Когда они оба посмотрели на меня, я надменно подняла бровь на Фрэнки.
– В следующий раз «ты прекрасно выглядишь, Елена» будет лучше, чем свист, Франческо.
Он прикусил край своей улыбки, отдавая мне честь.
– Да, да, Донна.
Я заняла место напротив Данте и улыбнулась, когда он вытянул ногу так, что наши туфли оказались прижаты друг к другу. Он наклонился вперед, положил предплечья на бедра, пальцы погрузились в сумку на полу.
– У меня есть для тебя подарок, lottatrice (пер. с итал. «боец»).
– О? – спросила я, не в силах сдержать волнение.
Я могла признаться, что я материальная девушка, я любила подарки.
Он с усмешкой посмотрел на меня.
– Это не тот подарок, к которому ты привыкла, я думаю. Он более... практичный.
Мои глаза комично расширились, когда он достал из сумки маленький серебряный пистолет и зажал его в ладонях больших рук. Он казался странно безобидным, слишком маленьким в его руках, но в угрозе оружия сомневаться не приходилось.
– Конечно, мне это не нужно, – прошептала я, даже когда мои пальцы потянулись, чтобы коснуться прохладного металла. – Ты будешь держать меня в безопасности.
Черты его лица слегка смягчились, но он все равно покачал головой.
– Нет. Только очень глупый человек думает, что сможет всегда защитить своих близких. Ты уже хороший боец. Я научу тебя обращаться с оружием. М не позволю, чтобы мой собственный эгоизм стал брешью в твоих доспехах.
Я проглотила комок в горле.
– Я знаю, что застрелила Симуса, и не жалею об этом, но я не хочу, чтобы убийство людей стало моей привычкой.
Его губы подергивались от нездорового юмора.
– Нет, я тоже этого не хочу. Но никогда не помешает быть готовым к самозащите, не так ли?
– Нет, полагаю, что нет.
– Ты когда-нибудь держала в руках оружие до того дня в Бруклине? – спросил он, уже перекладывая оружие в мою слабую руку, сжимая пальцами рукоятку. – Он легкий и маленький. Отдача не должна быть сильной. Вот здесь предохранитель, нажимай его, когда захочешь выстрелить. Для перезарядки нужно откинуть верхнюю часть вот так. На вилле Торе есть импровизированный тир, на котором мы сможем тренироваться.

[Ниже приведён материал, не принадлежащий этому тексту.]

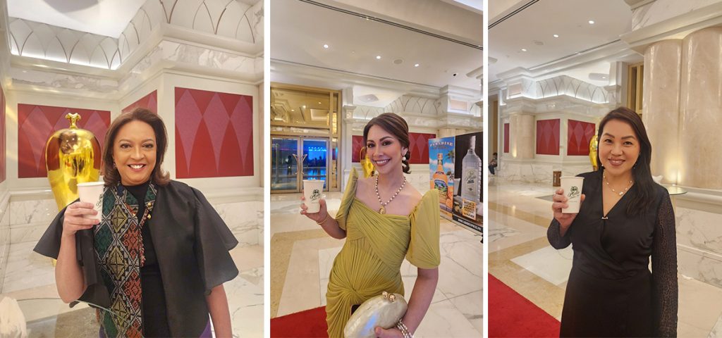 Chroma Hospitality Vice President for Sales and Marketing Ms. Carmela Hidalgo Bocanegra, Ms. Jenny Santillan, Dir. Sales and Marketing of City of Dreams Manila, and Luxent Hotel General Manager Ms. Melanie Sy-Pagkalinawan Savoring every sip of Manille cocktails served by the Destileria Limtuaco mobile bar.
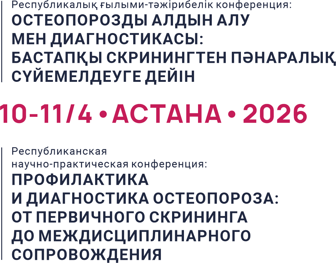 С удовольствием приглашаем вас принять участие в Республиканской научно-практической конференции «Профилактика и диагностика остеопороза: от первичного скрининга до междисциплинарного сопровождения», которая состоится 10–11 апреля 2026 года.
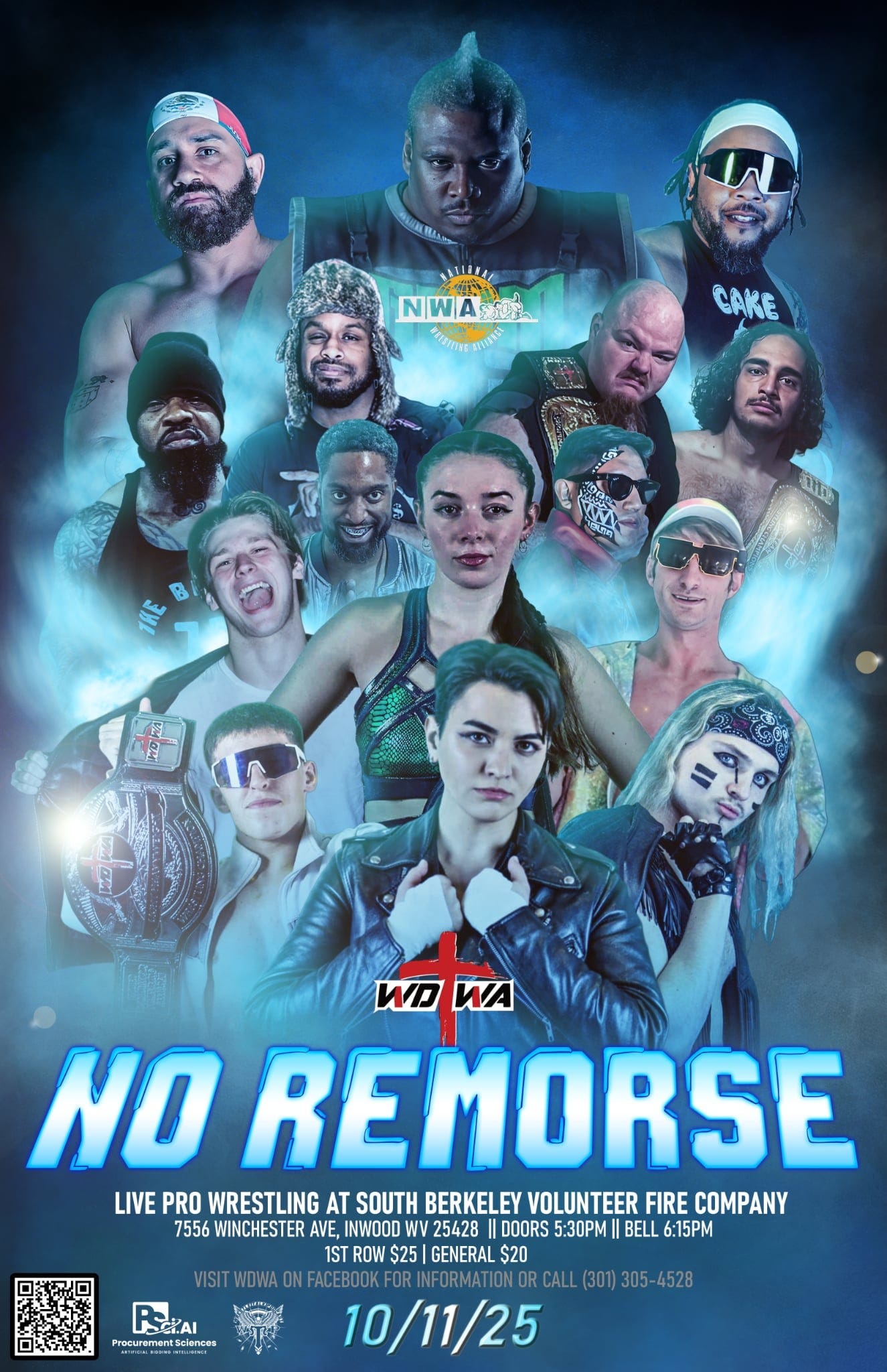 WDWA will hold No Remorse at South Berkeley Volunteer Fire Company, 7556 Winchester Ave, Inwood, WV on Saturday, October 11, 2025. The bell time is 6:15 PM, with doors opening at 5:30 PM. Tickets are available by calling or texting (301) 305-4528.
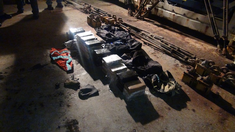 Unos 41 paquetes forrados con cinta adhesiva que contenían supuesta cocaína en fueron incautados mediante un operativo realizado en el Puerto Balboa por los efectivos de la Policía Nacional, funcionarios del Ministerio Público y demás estamentos que integran la Unidad de Control Conjunto. La droga fue encontrada en cinco maletines, que estaban en la cubierta de un buque procedente de un puerto de Quito, Ecuador, en tránsito por nuestro país, con destino hacia Europa. La sustancia ilícita fue sometida a la prueba preliminar de campo, resultando positivo en cocaína y puesta a órdenes de las autoridades judiciales. |
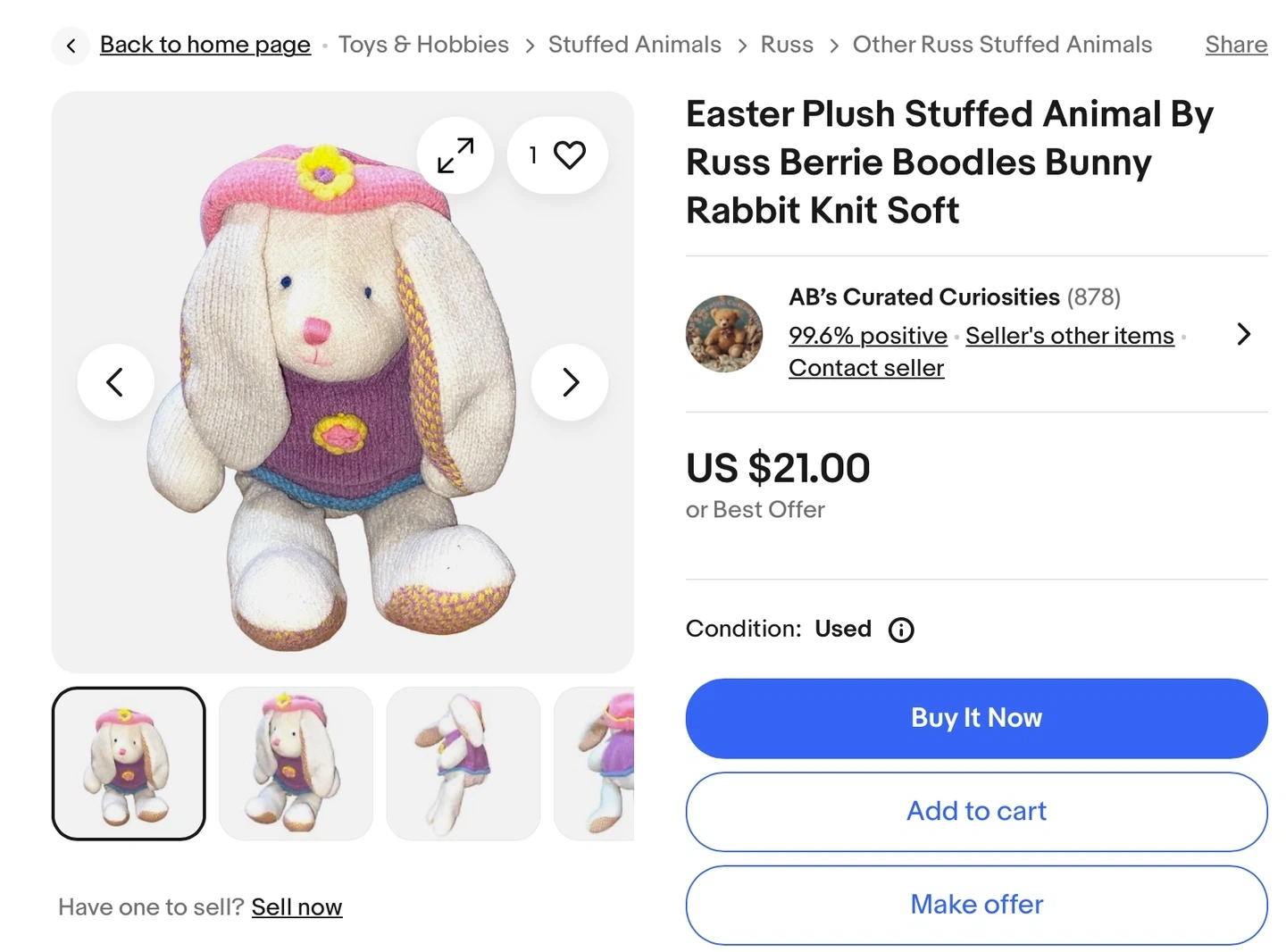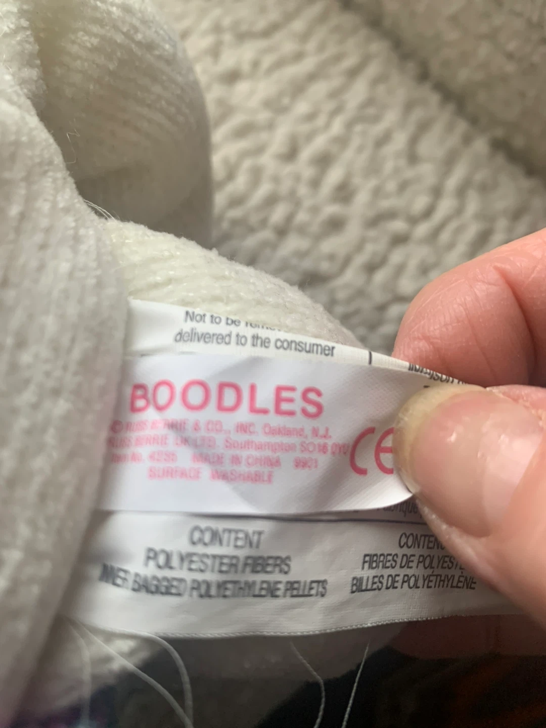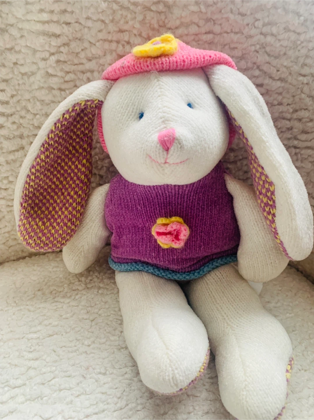 Adorably sweet Boodles stuffed bunny toy wearing a pink hat and purple sweater. It's made of polyester fibers. Surface washable for easy care.
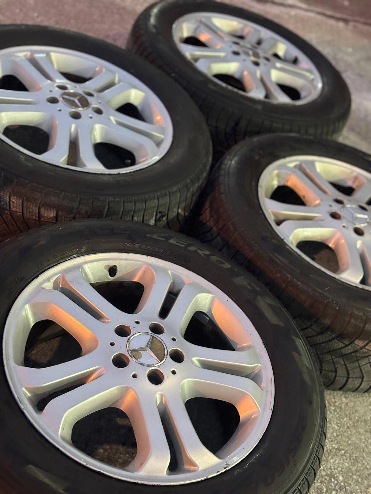 Set of four authentic 18 inch Mercedes wheels with 235 60 R18 (front) and 255 55 R18 (rear) Pirelli Winter Ice Zero FR winter / snow tires mounted and balanced on them
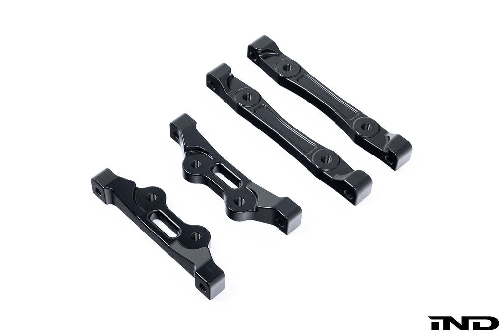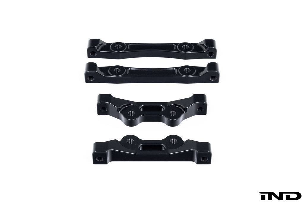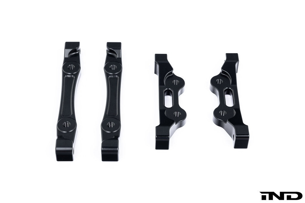 Fall-Line Motorsports’ bracket set ensures that the installation process is secure and are precisely machined, which includes pocketing that both minimizes weight while maximizing strength to guarantee no failures even under race track conditions. As a final touch, the caliper brackets are anodized in a hard coat black finish.
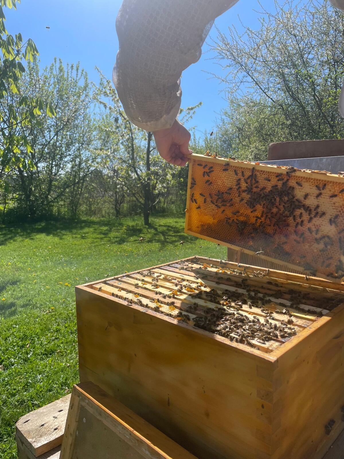 5 Bienenvölker im Zandermaß – AFB untersucht – aus eigenem Wachskreislauf Bienenherkunft – bewährte Landrasse: Geimkert wird mit einer robusten Landrasse. Fokus liegt auf Vitalität, Anpassungsfähigkeit & guter Honigleistung unter regionalen Bedingungen. Es handelt sich nicht um eine speziell auf extreme Sanftmut selektierte Linie, sondern um widerstandsfähige, arbeitstüchtige Bienen mit stabilem Brutverhalten & guter Entwicklungskraft, denen auch strenge Winter im Waldviertel nichts ausmachen. Alle Völker sitzen auf frischen Brutwaben (Alter <1Jahr) Preis: Der Preis bezieht sich auf 10 Waben (Bienen, Königin und Bienenbrut auf Rähmchen) pro Volk bei SELBSABHOLUNG
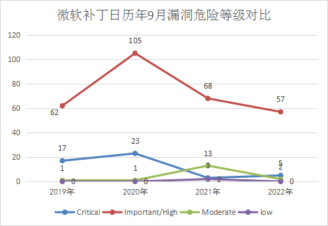 2019-2022年,9月份的漏洞危险等级趋势和数量如下图:
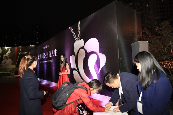 晚上6點,應邀媒體及賓客陸續到場,在西城時代營銷中心門口巨大的主題背景板上留下了自己的名字。這一道道金色的流線,書寫了來賓們與西城的緣分;也代表了西城足金般的高品質服務。
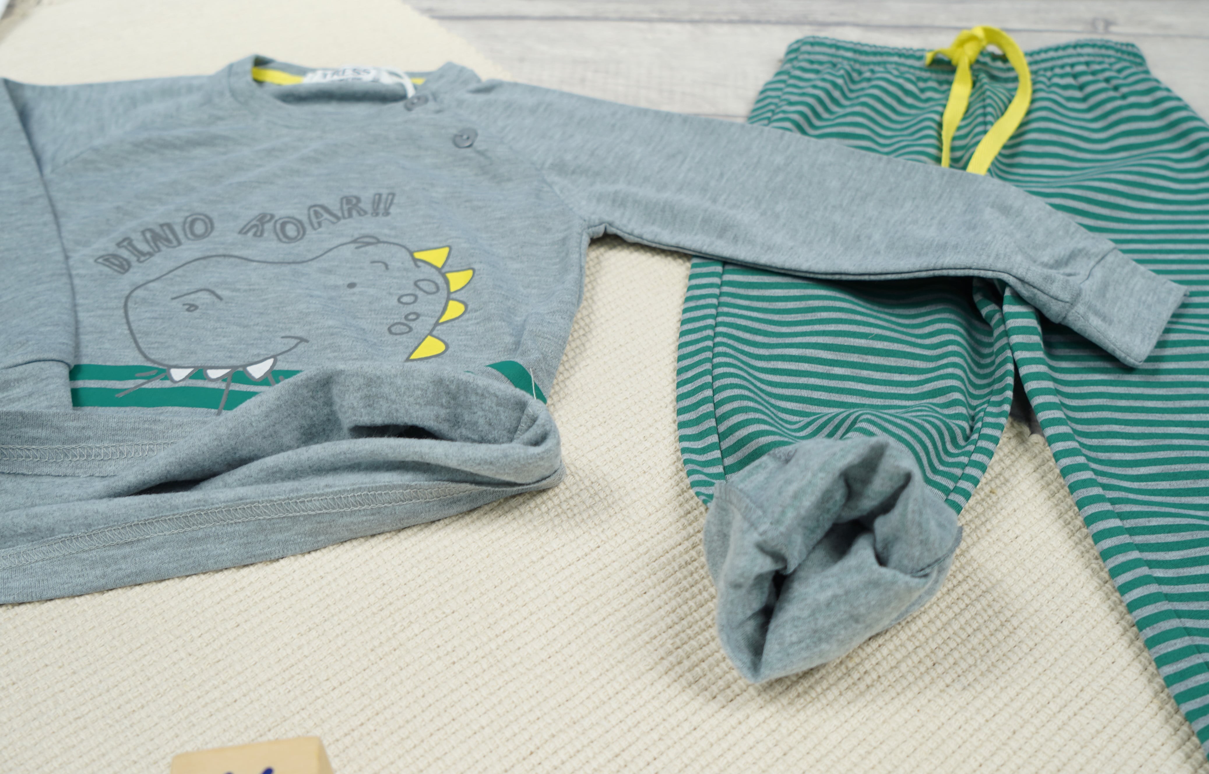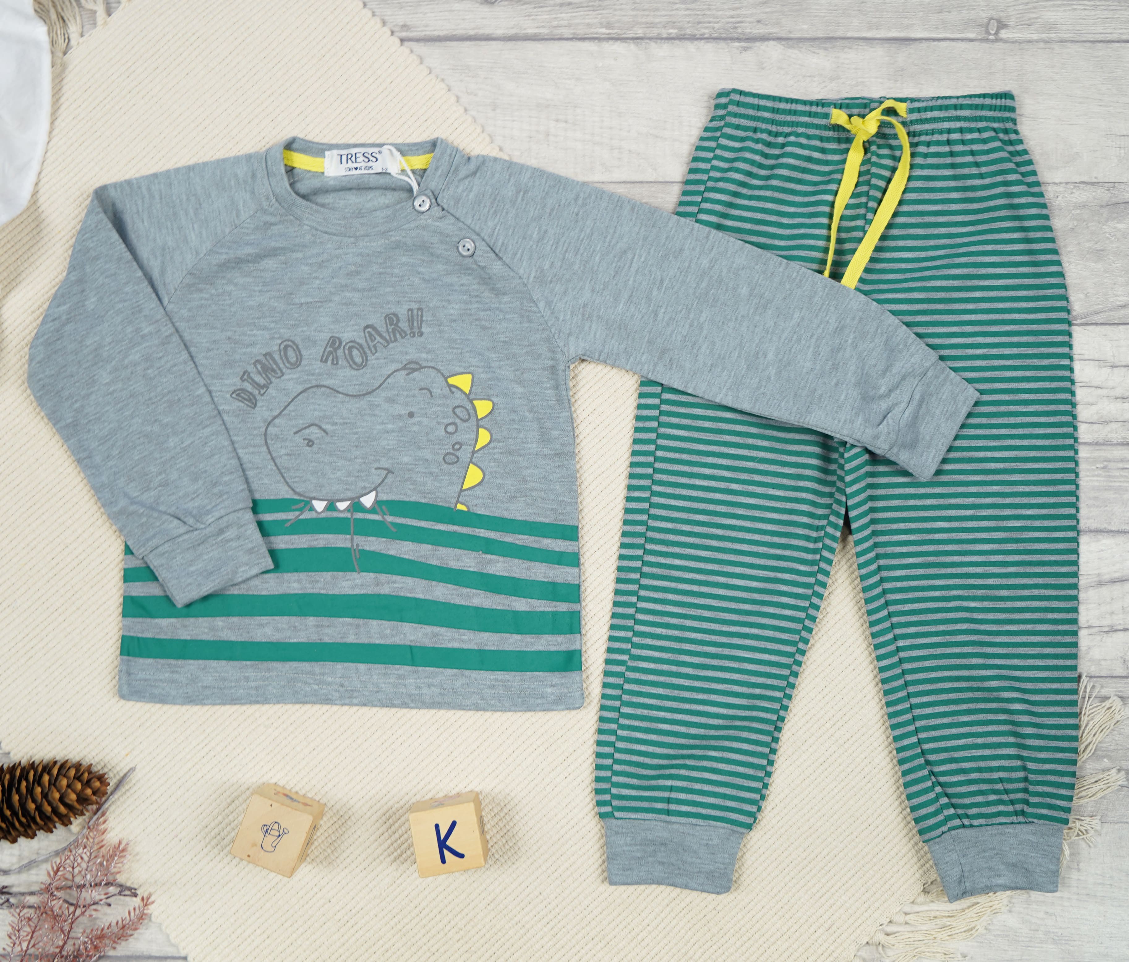 Bawełniana piżama dziecięca z dinozaurem o wygodnym kroju, składająca się z długich spodni z gumką w pasie a także dodatkowym sznurkiem, umożliwiającym idealne dopasowanie do sylwetki oraz bluzeczki z długim rękawem. Piżamka uszyta z tkaniny ocieplanej od wewnątrz delikatnym meszkiem, dzięki czemu zapewni odpowiedni komfort cieplny szczególnie w chłodniejsze noce. Nogawki spodni wykończone ściągaczem.

Я смотрела на его руку, лежащую поверх моей на пистолете, и удивлялась, почему прицел такой мощный.
– Я научусь, если тебе от этого станет легче. Но ты должен знать, что я никогда не соглашаюсь на посредственность. Если я буду учиться стрелять, то, вероятно, стану лучшим стрелком, чем ты.
Я знала, что он будет смеяться, но звук все равно подействовал на меня. Он волновал меня, как фортепианная музыка, как хорошее итальянское вино. Я жалела, что не могу записать его и слушать, когда мы будем в разлуке.
– Я с нетерпением жду, когда ты попробуешь, – сказал он, подмигнув, и протянул мне маленькую черную кобуру из сумки, лежащей у его ног. – Это набедренная кобура.
Я сглотнула, когда он снова опустился передо мной на колени и провел грубыми пальцами по моей икре до бедра.
Он не сводил с меня глаз, обхватив приспособление вокруг моей правой ноги.
– Носи ее здесь, когда мы будем находиться за пределами виллы, хорошо? Я хотел подарить это тебе еще в Нью-Йорке. Тебе повезло, что я сентиментальный человек и привез это с собой.
Я кивнула, пораженная неожиданным романтизмом Данте, расправляющего мою юбку, помещая пистолет в кобуру. Он задержался, взгляд был таким же горячим, как и кончики его пальцев на моей нежной коже.
– Я до сих пор ощущаю твой вкус на языке, – пробормотал он специально для меня. – Этого недостаточно. Когда мы доберемся до безопасного места, я планирую лечь на кровать и пировать тебя часами. Ты сможешь выдержать это, Елена?
Я вздрогнула.
Его губы чувственно изогнулись, а одна рука обхватила мое бедро над коленом, сильно сжав, от чего меня пронзило до глубины души.
– Неважно, если ты не можешь. Я привяжу тебя к столбикам кровати и наемся досыта.
Мой рот открылся от силы учащенного дыхания.
– Данте...
Он с вызовом поднял бровь, зная, что я хочу протестовать, хотя от этой мысли мне стало жарко и мучительно.
– Si, lottatice? (пер. с итал. «да, боец?»)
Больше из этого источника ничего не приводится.